Nevada casinos' contributions to fight measure that would allow continued operation of American Indian gambling sites bring campaign funds to nearly $60 million. Tribes, however, have outspent opponents by about 2 to 1.

October 06, 1998|TOM GORMAN | TIMES STAFF WRITER

Campaign contributions on the hotly contested Proposition 5, the Indian gaming initiative, have reached nearly $60 million with the infusion of Nevada casino money to combat massive spending by American Indian tribes, according to finance disclosures filed Monday with the secretary of state's office.

The reports show that Proposition 5 is narrowing in on California's all-time election spending record--$84 million--spent on several insurance reform measures on the 1988 ballot.

Monday's figures show that Indian tribes have outspent their Nevada opponents by about a 2-1 margin--but with the opposition to Proposition 5 furiously seeking to catch up through major donations from three large Las Vegas gambling interests.

During the most recent reporting period--from July 1 through Sept. 30--opponents to Proposition 5 raised about $14.5 million, while tribes favoring the casino measure raised about $16.4 million.

For the entire campaign, Indian tribes pushing for Proposition 5 have raised about $42.7 million and spent $36 million, through Wednesday. About $8 million of that was spent last spring, when the tribes qualified the measure for the Nov. 3 ballot with an unprecedented petition gathering campaign that included extensive television commercials and direct mail.

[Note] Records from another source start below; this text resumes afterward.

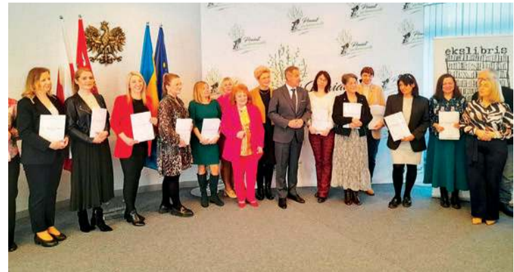
Szkolni koordynatorzy Konkursu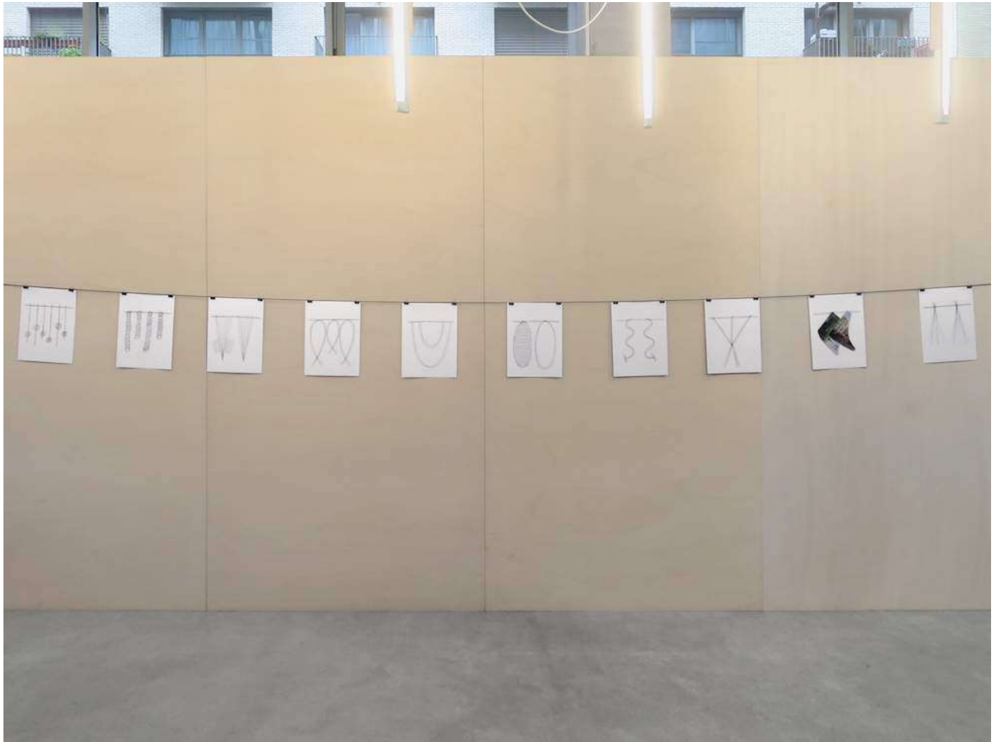
vue exposition Claude Closky, Direct messages | Salle Principale | du 16 mai au 20 juillet 2019

Suspendu | 2018-2019 | installation | corde noire (ø 0,3 cm), 10 dessins, stylo bille noir sur papier (40 x 30 cm chacun), pinces à dessin | 300 x 600 cm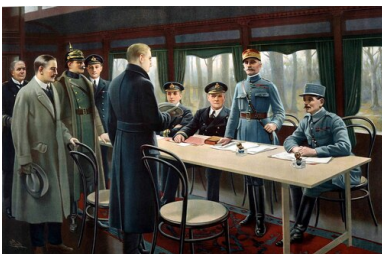
Podpisanie rozejmu w Compiègne w 1918 r. (marsz. Ferdynand Foch drugi z prawej).

Taktyka ta powodowała jednak znaczne straty, stąd w kolejnym okresie Wielkiej Wojny Foch został odsunięty od dowodzenia.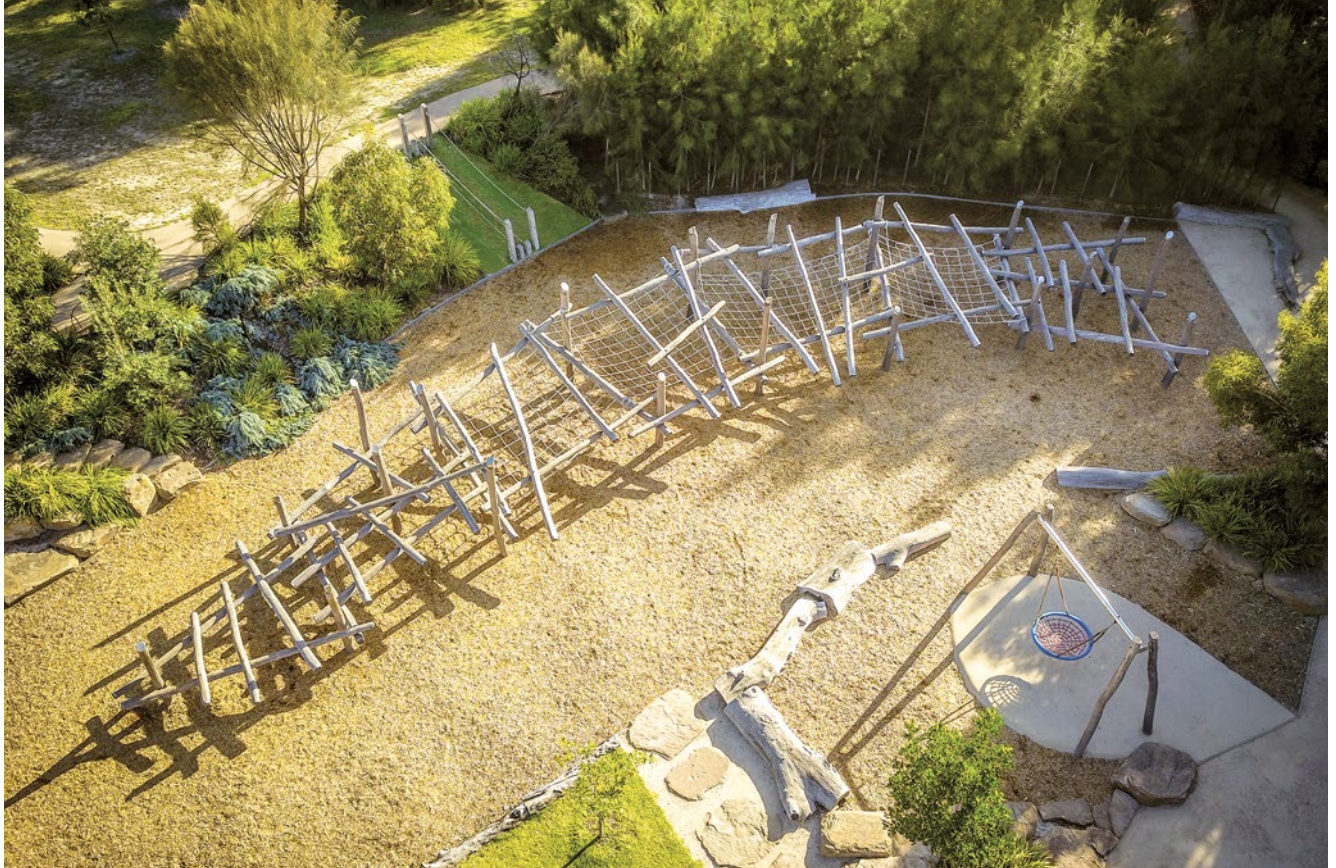
Sonderausführung mit Ringen und Kappen

The Yes on 5 side had about $6.7 million in unspent reserves as of Wednesday. In contrast, opponents to Proposition 5 have raised a total of $15.5 million to date--most from Nevada-connected businesses--and have spent $17.1 million, putting them more than $1 million in the red at the end of the reporting period. All but about $1 million of the contributions was raised since July 1.

The largest contributors to the No on 5 campaign during the most recent reporting period were the Hilton Hotels Corp., Circus Circus Enterprises Inc. and Mirage Resorts Inc. Each contributed about $4.3 million to defeat the initiative, which would provide for the continuation of existing Indian casino operations in the state.

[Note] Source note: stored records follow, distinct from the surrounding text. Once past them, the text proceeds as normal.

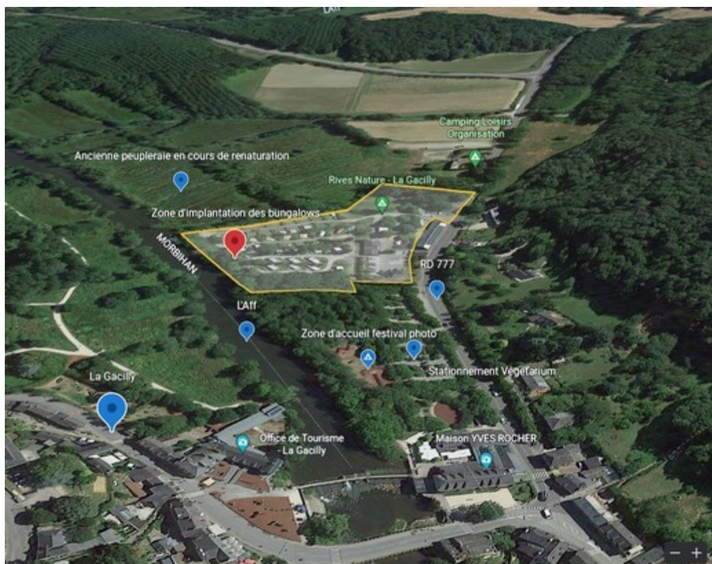
Illustration 3: Vue aérienne du périmètre du projet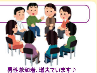
男性参加者、増えています♪

同じ悩みや経験をもつ介護者同士で、交流を深めませんか？ 日時：令和5年6月13日（火）午後1:30～3:00 場所：吉田町健康福祉センターはあとふる 2階研修室 対象者：町内在住の在宅介護者 申込み：参加希望の方は、事前に下記までご連絡ください。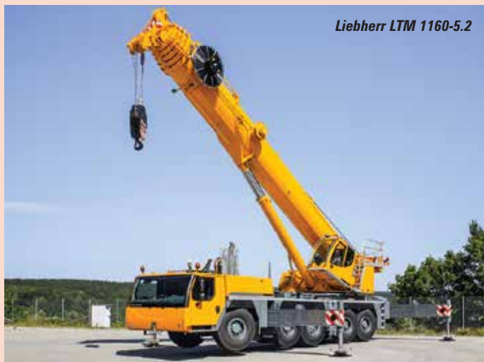
Liebherr LTM 1160-5.2

Nous débutons la visite sur le stand de Liebherr , dans la zone extérieure 6. La Compagnie profite de cette exposition pour le lancement européen de son LTM 1160-5.2 une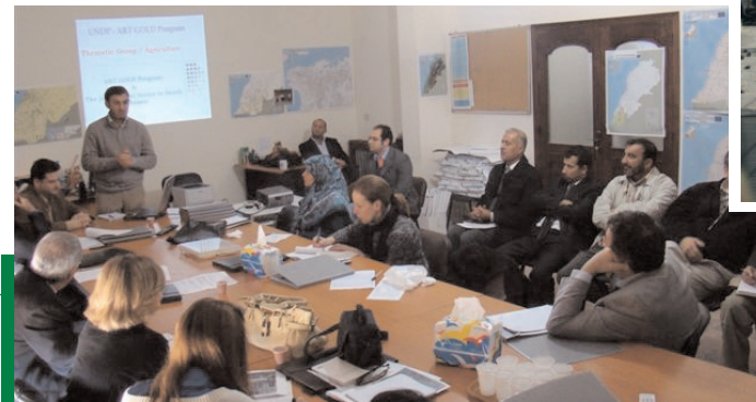
Réunion de travail ART GOLD Lebanon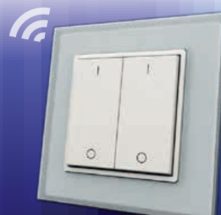
Bryter 2-Kanal RF SC El. nr 1410577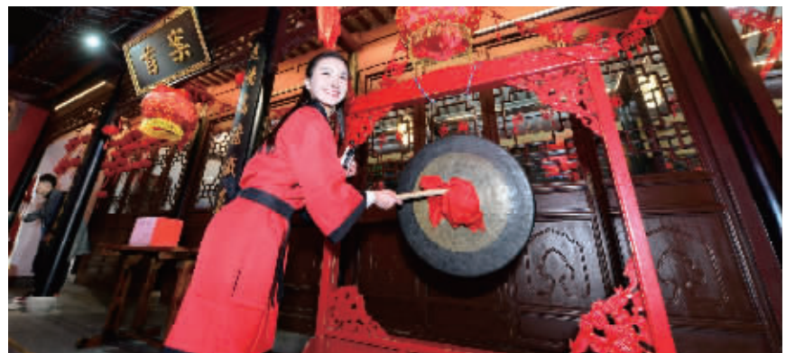
一身汉服的美女主播抽空敲了个锣

记者在进入平江府路时,发现路边有大量穿着红马甲的志愿者,他们脖子上挂着一个吊牌,牌子上有二维码,他们的肩膀上也贴着二维码。一名志愿者说:“没有预约门票的游客,可以扫我们身上和脖子上的二维码,就可以预约订票了。”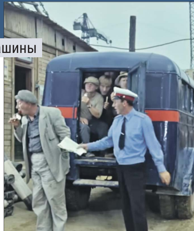
Кадр из фильма «Операция «Ы» и другие приключения Шурика»

Такой же автомобиль, как в культовой комедии, теперь есть в музее на Краснодарской улице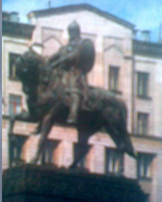
Сергей Орлов. Памятник Юрию Долгорукому.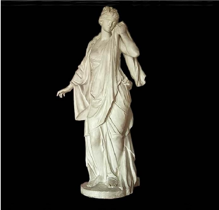
Надгробок І. Гагаріної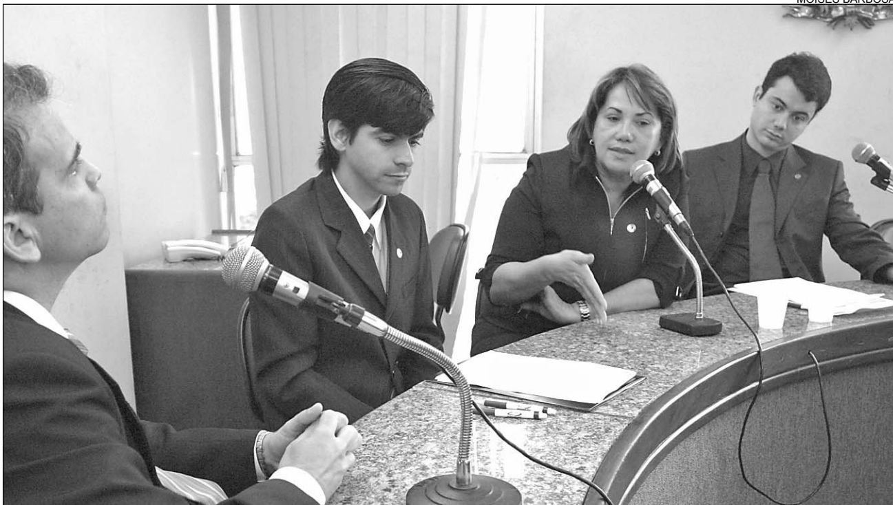
AGENDA - Idéia é percorrer as principais unidades da Região Metropolitana do Recife e avaliar as carências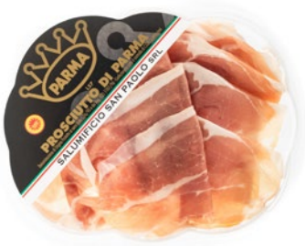
PROSCIUTTO CRUDO DI PARMA Parma raw ham senza glutine, senza lattosio gluten free, lactose free Cod: 0020868 - 100 g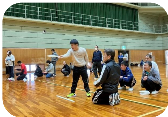
障害者スポーツ普及事業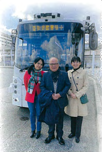
自動運転バスの試乗体験（城山台）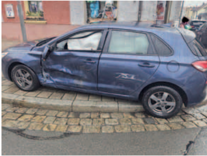
Einsatz Nr. 11/2024 - 01.02.2024 9:58 Uhr VU mit PKW Rückersdorfer Straße, Röthenbach Bild oben Fahrzeuge: MTW, LF 16/12, RW, GW L 1 Dauer: 0,75 h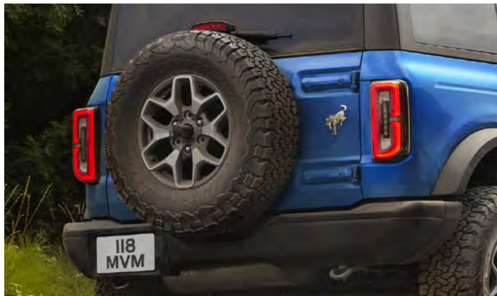
KOŁO ZAPASOWE NA TYLNEJ KLAPIE Standard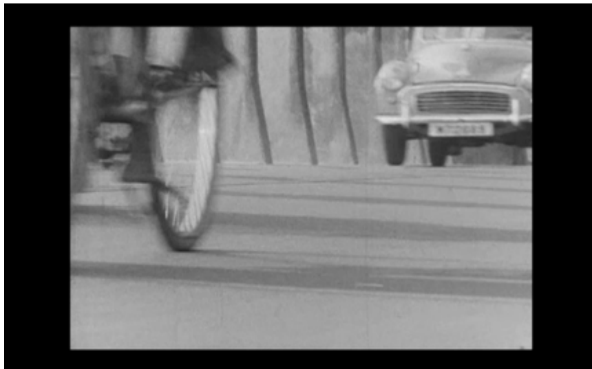
38B. Cyklar och bilar (grodperspektiv)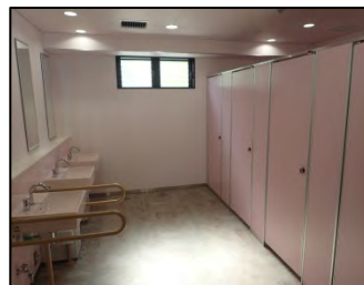
▲改修されたトイレ (更衣室の設置・洋式化)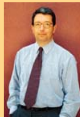
por Ricardo Leite Pinto

Lisboa, Notícias Editorial, 1977, 253 pp.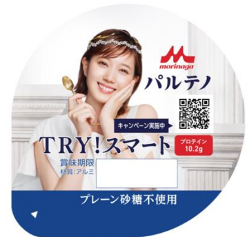
限定パッケージ (蓋)

「ギリシャヨーグルト パルテノ(以下、パルテノ)」は、ギリシャ伝統の“水切り製法”を踏襲し、こだわりのひと手間によりゆっくり丁寧に作られた、日本初(※1)のギリシャヨーグルトです。ギリシャで昔から受け継がれてきた健康への知恵と、カラダのことを考えるやさしい愛が日本でも親しまれるようになって欲しい。そんな想いとこだわりのひと手間により、パルテノには「おいしさ」だけでなく「プロテイン(たんぱく質)」が“ぎゅっと”詰まっています。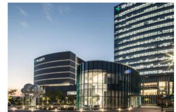
하나금융그룹 통합데이터센터 원심 냉각기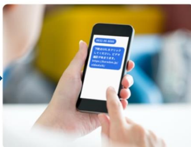
②患者はスマートフォンなどで、SMSに届いたURLをクリック

The largest donors in support of Proposition 5 are the San Manuel (about $21 million in total), Morongo ($9.5 million), Viejas ($5.1 million), Pechanga ($3.4 million) and Agua Caliente (about $1 million) tribes.

Steven Glazer, spokesman for the Yes on 5 campaign, defended the level of spending by casino-operating tribes doing battle against Las Vegas money.

"The Nevada casinos are spending millions to protect their billion-dollar profits while the Indians are defending their very own economic survival that has given them jobs, reduced welfare and provided self-reliance," Glazer said. "The Indians will have to give everything they have, and more, if they hope to defend their rights to dignity, self-reliance and economic opportunity."

Answered Gina Stassi, spokeswoman for the No on 5 campaign: "The facts are these: The other side has more than doubled what we have spent.

"Let's face it," she said. "It's gambling money against gambling money. It's time to start focusing on the real issue: What is in the initiative, which is flawed and bad for California?"

She said that although the opposition campaign is financed almost totally by Nevada interests, "you have to look at our coalition list, which is very broad and diverse. These are people who are vehemently opposed to Proposition 5, but don't have the financial resources to fight it."

The anti-5 coalition includes many elected officials, law enforcement authorities, businesses and unions.

Political observers have long expected the battle over Proposition 5 to set a record for spending on any political campaign in California history. Most of the money to date has been spent on television commercials that have blanketed the state's airwaves.